In summary: nice try, Guardian, but over-ambitious with establishment platform and a chair who was not strong enough. A lot of aspirational statements, quite a bit of politics, and precious little on WHAT should be done and most importantly HOW to do it. Flawed yet stimulating, ultimately frustrating. Nothing new that was significant.
The event was organised by The Guardian as part of their GuardianLive series was on 20 Jan 2015 in Conway Hall, London.
It must have been a sell-out (£15 a seat) as the hall was stuffed - the audience predominantly white, middle-class from what I could see, yet not over-polite ... there was some shouting as people lost patience with the proceedings.
Meeting Organisation
The Guardian was over-ambitious in expecting everyone to load a special app on smartphones and participate in polls and enter questions and rate questions online during the meeting. There were 6 or 7 poll questions, yet only one was briefly examined. Many questions were entered yet only the top 2 were addressed as one item together. The app on my android phone did not have all the functionality compared to the iphone of my neighbour. A number of people objected that they were disenfranchised by not having smartphones or not being willing to load the app. The chair allowed a show of hands on the one poll examined, to placate the crowd. I personally find it hard to vote online and type questions when listening intently to speakers.
Lesson Learned: do less and do it well, anticipating people's reaction to the use of technology. The polls could have been available before the meeting started, and a separate screen used to display the results continuously - that would have been valuable rather than distracting.
Meeting Management
It will always be frustrating when 2 days worth of debate is crammed into less than 2 hours, however the chair (Denis Campbell, Guardian health Correspondent) was not strong enough. He allowed the panel to give long answers, sometimes off the point of the question, and when the audience lost patience and started shouting comments he looked briefly like a rabbit in the headlights. He also took up time asking his own questions when the audience was gagging to ask theirs. he only took audience questions with 15 minutes left of the meeting time.
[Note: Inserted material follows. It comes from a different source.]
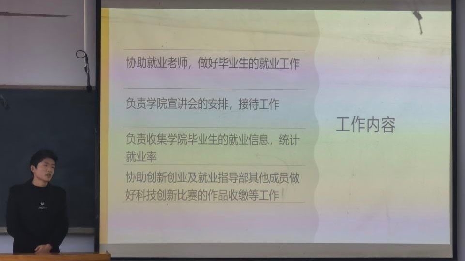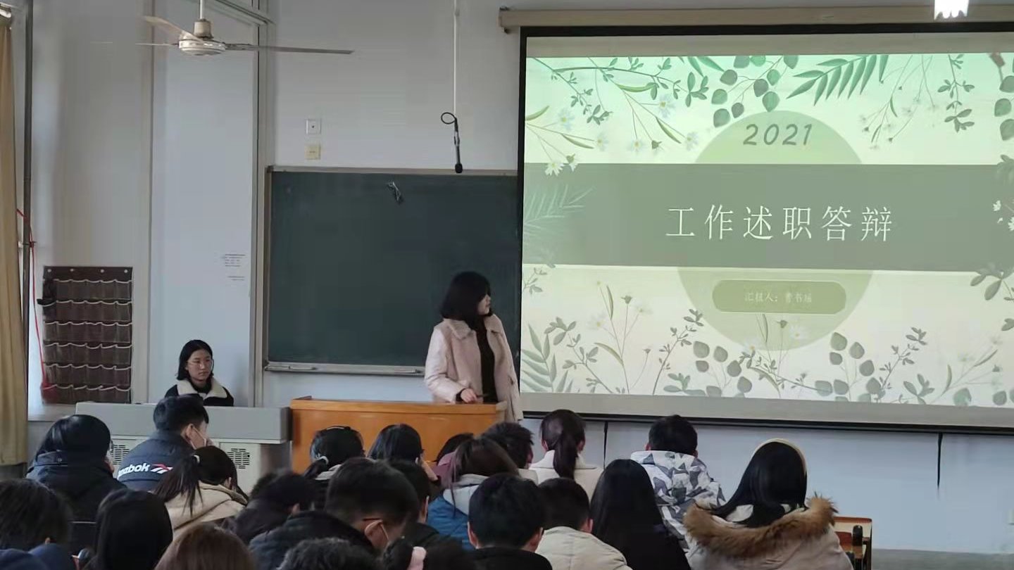 会议上,员工会各部门负责人分别从自身学业、校园课外生活、员工干部工作总结、个人成长收获以及下一步计划五个方面展开陈述。在答辩述职过程中,各位答辩员工声音洪亮,自信大方,充分展示出员工干部的良好形象。大家分别就本部门工作内容和特色亮点进行详细回顾梳理,认真对本年度的工作进行查漏补缺,并作经验交流分享。会议最后,由申老师对此次述职大会进行总结,重点强调以下三点:一是充分肯定各部门员工成员在本年度员工工作中取得的成绩,鼓励大家在员工日常事务工作中努力做到有条理、有纪律、有活力、有温度;二是针对答辩汇报本身作出指导,要求做到前期精心准备、台上自然流露、台下用心总结;三是重视自身个人成长收获,激励同学们在学习生活工作中,善于反思,主动拓宽视野,努力做到从能够及时发现问题到独立自主解决问题到举一反三的逐步成长。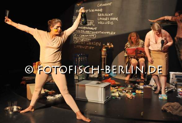 Ort: Hebbel am Ufer, hau 3. SHE SHE POP Titel: ENDE. Premiere: 8.10.2013. Konzept: She She Pop. Von und mit: Sebastian Bark (Adam), Lisa Lucassen (Engel), Mieke Matzke (Gott), Ilia Papatheodorou (Eva). Buehne, Kostuem: Sandra Fox, SSP. Im Bild: She She Pop, Ilia Papatheodorou (Eva)

Lesson Learned: the chair of course needs to be knowledgeable in the field, but also independent from the debate - Denis had too much 'skin in the game' to be able to sit back and manage the debate to best effect. Short answers must be enforced. Get the audience involved early.
Debate Panel
Here are my key notes against the main panel members - 3 establishment figures and 1 very well-connected thinktank CEO - harsh perhaps but this is what stayed with me:
Dr Mark Porter (BMA) - stop the use of markets, it has failed - no more re-organisations
Sir Bruce Keogh (NHS England) - prevention is better than cure (otherwise I heard political aspirational statements)
Rt Hon Norman Lamb MP (LibDem Minister of State for Care and Support at the Department of Health) - next 5 years is crunch time - want to pool health and social care by area, give control to that area
Julia Manning (CEO 2020health thinktank) - we cannot do everything, technology costs too much (gets my vote as 'most insightful of the evening', which does not say much for the others)
Lesson Learned: the audience around me felt rather 'talked down to' by the great-and-good panel, influential and eloquent though they are. I think the audience would have preferred to have one or two NHS practitioners from the front line on equal footing up on the platform. All the staff are 'amazing' and engagement is the thing, so let's have them up there alongside the top brass.
Content
I heard some figures that are surprising on the face of it: NHS is one sixth of national public expenditure, yet UK (or was that England) spends less than the average across Europe (per head, or as %age of what was not stated), and we only spend half what USA spends (ah but you cannot compare tax-funded free at point of delivery with an insurance based system surely?!).
The two top-rated audience questions (and the only ones taken by the panel) were about privatisation. The audience is dead against it. Julia Manning pointed out that it is not a simple black & white issue - she as an optician was self-employed and contracted to the NHS. Much IT provision is out-sourced. These are rather different to a private equity owner dumping a non-profitable secondary care facility.
The audience wanted to talk about TTIP - they were rabidly against it. The panel, specifically Norman Lamb, asked them to be sure of their facts and reassured them that the EU had written to our government confirming that the NHS is not affected by TTIP.
The Health and Social Care Act came in for much general stick - I didn't hear anyone specifically defending it. Norman Lamb pointed out that the PFI schemes are effectively just mortgages with huge repayments by government to private sector - that's an interesting perspective, and my respect for this MP is growing.
No one, apart from Julia Manning in passing, addressed what I see as the elephant in the room: we should be talking about the next 5 years as tactical - the strategy should be the next 25 years; the current and predicted growth in NHS funding is simply not sustainable - economic growth will not magically solve the problem (that's not sustainable either); therefore we need a really radical review and prioritisation of health and care services across the board, with some serious expectation management; no government is ever going to do that because it's political suicide; so we need a beefed-up equivalent of the Office for Budget Responsibility for the NHS, to provide the logical advice and take the blame for the (correct) difficult decisions.
Ok, I have finished on an off-the-wall suggestion, and the above notes are incomplete and of course it is a personal view - that's the whole point.